I was the lowest I had ever been. But guess what? If I had to do it all over again to get to where I am now, I would. As I type that I am saying to myself, "Really?" Yes, really! The weight was so big I finally broke and cried out to God and said "Here, you take it." I don't remember it as being an over-night weight thing, but I was relentless in crying out to God. It was top priority! I knew I had no were else to turn but to Him. This was my last resort. Slowly, day after day the weight began to lift. I found myself being able to survive the day without feeling like I wanted to die. I could have conversations with Mark without wanting to rip his heart out! The lies started to get muffled. God started to show me things in my life that I needed to get right. I remember reading one of Marsha's chapters on using this time to evaluate ourselves and all I could think of is I have been a good wife, he is the one with the problems. But I did use this time to evaluate myself and God showed me so many things that he wanted to rip from my life, fear being the biggest. I always lived in fear of “What if?” If I had a time that I didn't feel fearful I would find something to be fearful about! It was just a part of who I was. I could find every justification (just like Mark) on why this was a part of my life. When I began to read the Bible, really for the first time during this process, I really began to understand how powerful Christ is. And again how he came to set us free!

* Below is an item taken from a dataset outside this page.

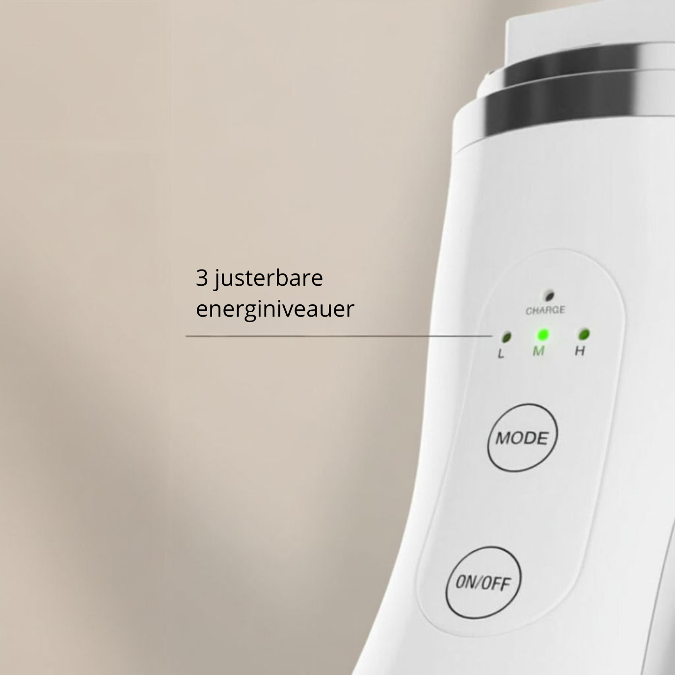 Start enheden, vælg dit ønskede niveau (Lav, Mellem eller Høj). Begynd altid lavt, så huden kan vænne sig.

And now He has freed me from fear. I am now able to finally rest on Him knowing He will hold me no matter what, even when things happen that I wouldn't wish on my worst enemy. And He has.
He does use the painful situations to draw us closer to Him. So I would ask that you draw closer to Him in this time. Don't turn away or try and carry the burden on your own. He wants to do this for you, and He will. Just surrender it to Him and don't give up. Be persistent! You have nothing to lose; there really is no other option.
This is NOT something He wants to give to only me. Its available to you, and it’s real! I would have never believed it a year-and-a-half ago, but I do now, and I have to share! Every day I am amazed at how He has totally changed my marriage, my mind, my heart. So I hope that I can offer you hope through my story. Hope that your marriage can be restored. Hope that your husband/partner can be set free. Hope that you can survive this and come out better and stronger. He can make that true in your life!